The book chronicles the experiences of Mateo and his little sister, who were born in the U.S. and are American citizens, unlike their parents, who lack legal immigration status. The family had managed to run a thriving bodega, or corner store, and reasoned that because their lives were so inconspicuous, they would be overlooked by immigration authorities.

Everything changes the day Mateo arrives at the family's store after school to discover that his parents were being held in an immigration facility. The teen and his sister then have to rely heavily on a family friend and his wife as they struggle to navigate what to do without their parents.

Author Daniel Aleman's debut young adult novel, “Indivisible.”
Author Daniel Aleman's debut young adult novel, “Indivisible.”Little, Brown Books for Young Readers

Kids with detained parents “have to turn to their communities, to family, friends, and basically just try to survive and try to make a normal life as best as they can, even when they've been put in an impossible situation,” Aleman said.

Aleman’s character Mateo is fictional, but the National Immigration Forum estimates about 16.2 million people in the U.S. live in a mixed-status family, defined as families that include some members who are either U.S. citizens or green card holders and some who are undocumented. Of that group, 6.1 million are children who were born in the United States to undocumented parents.

Aleman’s own immigration to the U.S. was very different from the story portrayed in his novel. The Alemans immigrated to New York when he was 17. He had just graduated from high school in Mexico, so shortly after he moved to the U.S., he went to Montreal to begin college at McGill University.

But he did draw on his own memories as he wrote the novel.

“My own grandfather had dreams of going to the United States, but he never did. And that dream was passed along to my dad,” he said. “Neither of my parents had easy childhoods, and so they wanted me and my siblings to have the best life possible.”

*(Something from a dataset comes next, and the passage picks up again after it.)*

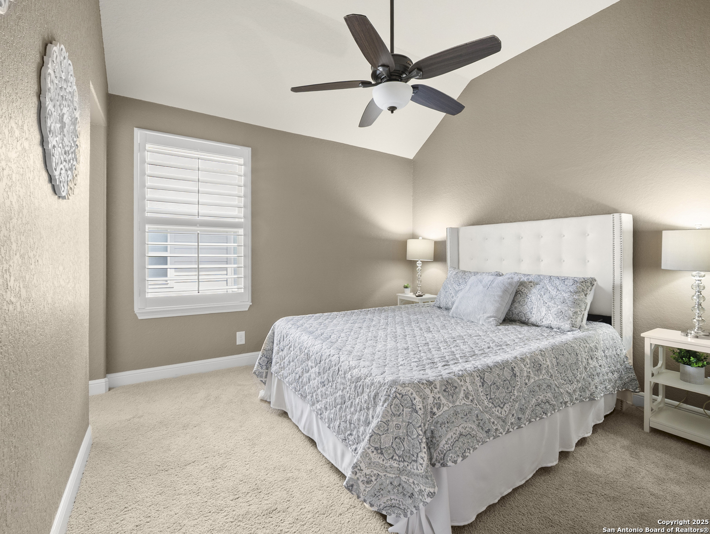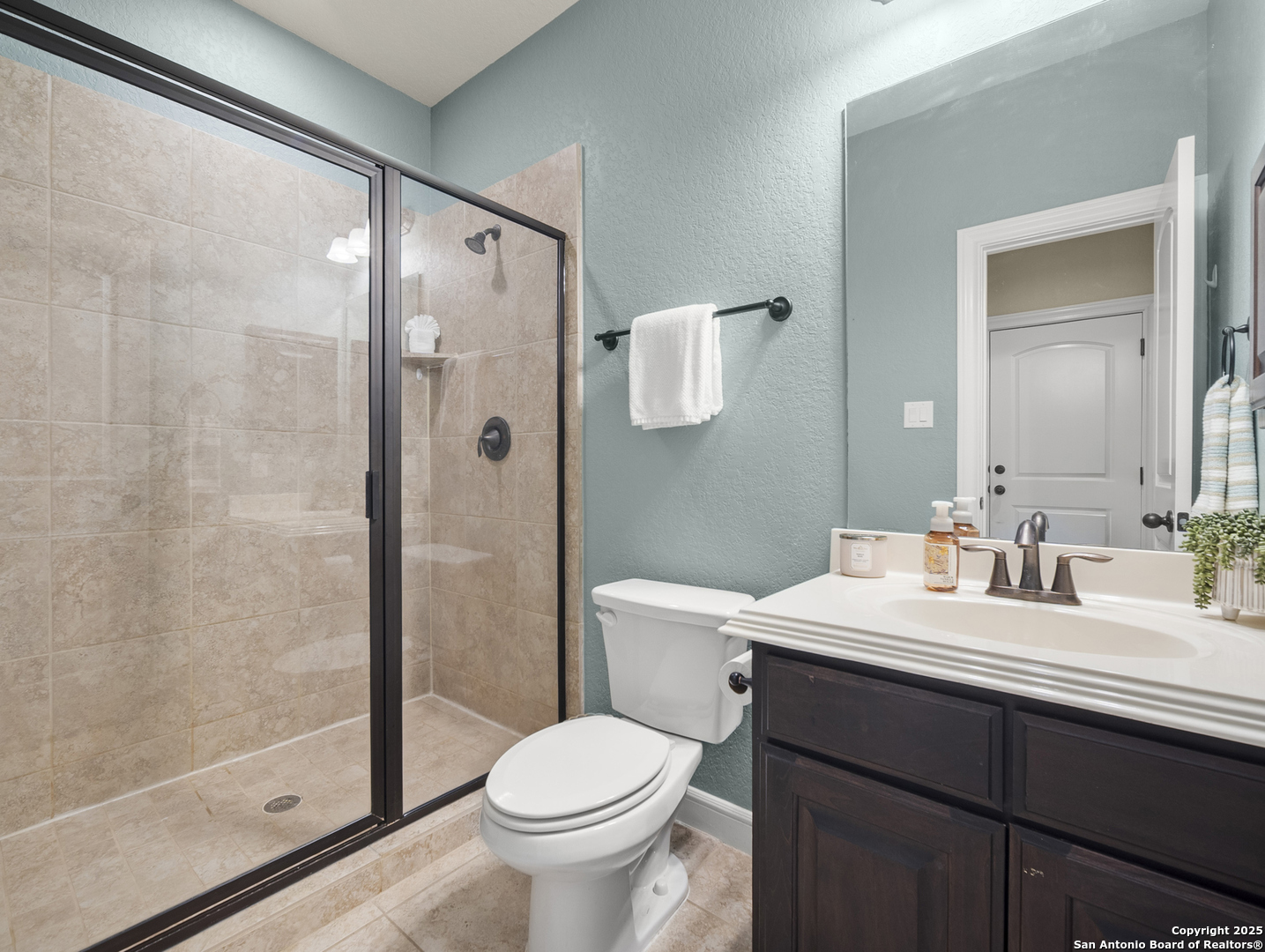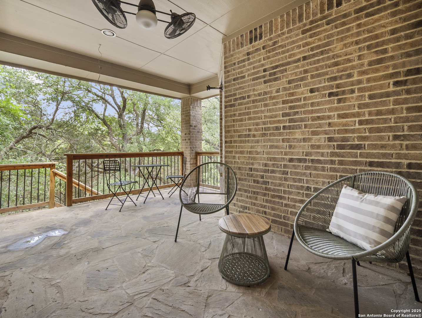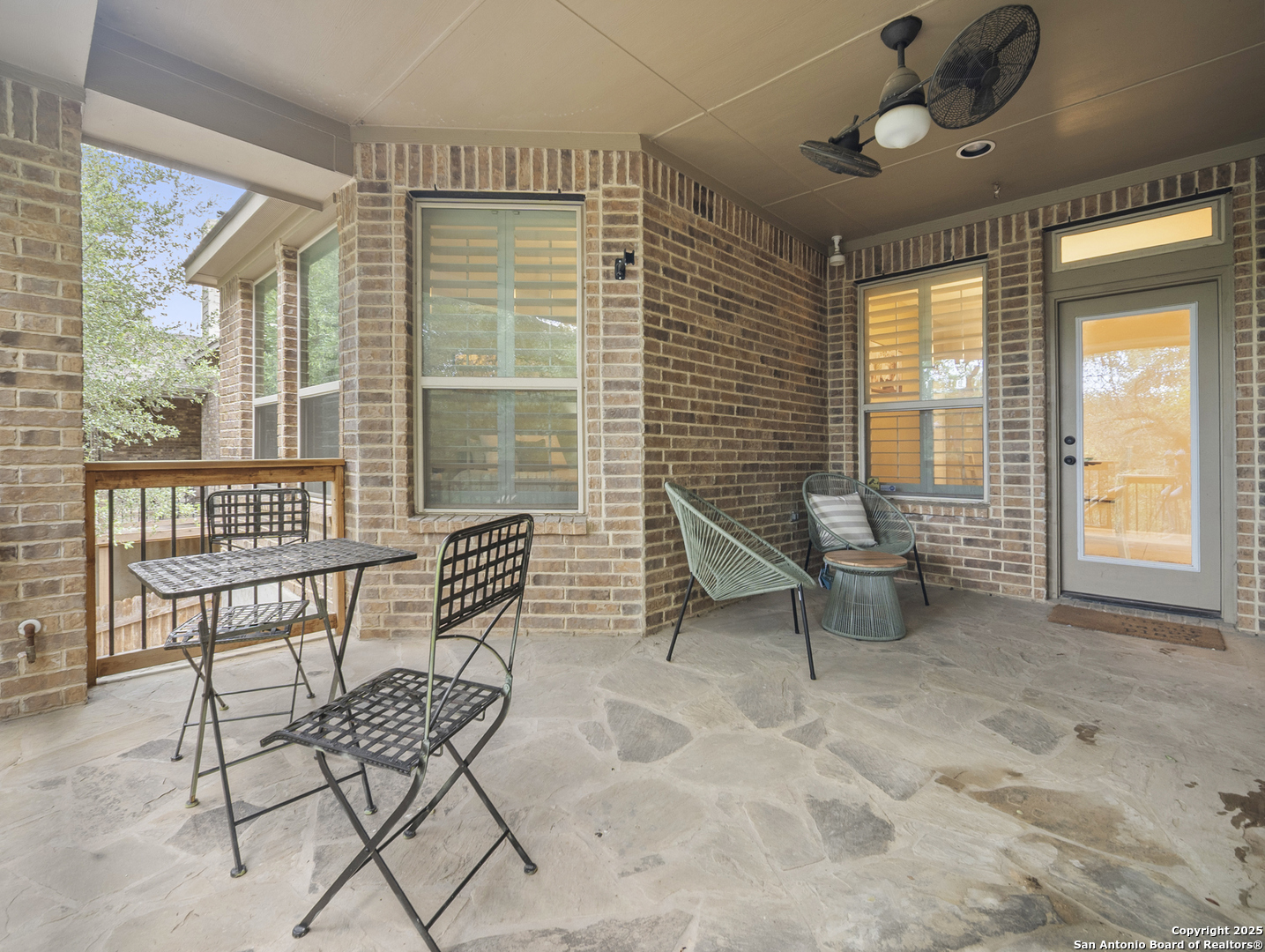 Beautifully maintained home in the gated community of Valencia Hills, offering comfort, space, and highly desirable NEISD zoning-Bulverde Creek Elementary, Tex Hill Middle, and Johnson High School. This property features a bright open layout with upgraded flooring, a private office ideal for remote work, and a dedicated media room with built-in surround sound. The chef's kitchen includes granite countertops, gas cooking, stainless steel appliances, abundant cabinetry, and a large island that opens to the main living area. The oversized primary suite provides a spacious retreat with double vanities and a generous walk-in closet. The backyard backs to a private greenbelt and includes an extended deck, covered patio, and ample room for outdoor living. Additional features include well-sized secondary bedrooms, a versatile upstairs living area, and a 2-car garage. Located minutes from Loop 1604, Highway 281, H-E-B, Costco, major shopping, dining, and employers. Ask about the preferred lender incentive with appraisal reimbursement after closing. Easy to show-schedule your tour today.

In the novel, Mateo has to grow up very fast as he navigates life without his parents, caring for his elementary-school-aged sister and grappling with his life as a New York City high schooler — as he's also coming to terms with being gay.

Aleman said late last year in a video tweet that as a gay teenager, he didn't have access to a lot of books that reflected his experiences, and that books can serve as mirrors.

"I also felt like I grew up too quickly —that has to do with many things, but one of them was being an immigrant and coming to a new country as a teenager,” Aleman told NBC News. “I think defining our identities as teens is such a huge challenge in and of itself. And being an immigrant, or the child of immigrants, adds a whole other dimension to the struggle.”

As readers absorb Mateo’s story, Aleman ultimately hopes they will think more about the real people behind the statistics they see about undocumented immigration and ICE detainees.

“Something I keep thinking about is the way in which immigration has become such a heartless topic. So many people are used to thinking about this from a purely legal or political standpoint,” Aleman said about the current situation at the U.S.-Mexico border. "But at the end of the day, we're all human, and when we accept things like family separation, and kids in cages, and cruel immigration policy, as facts of life, we unconsciously strip immigrant people of their humanity."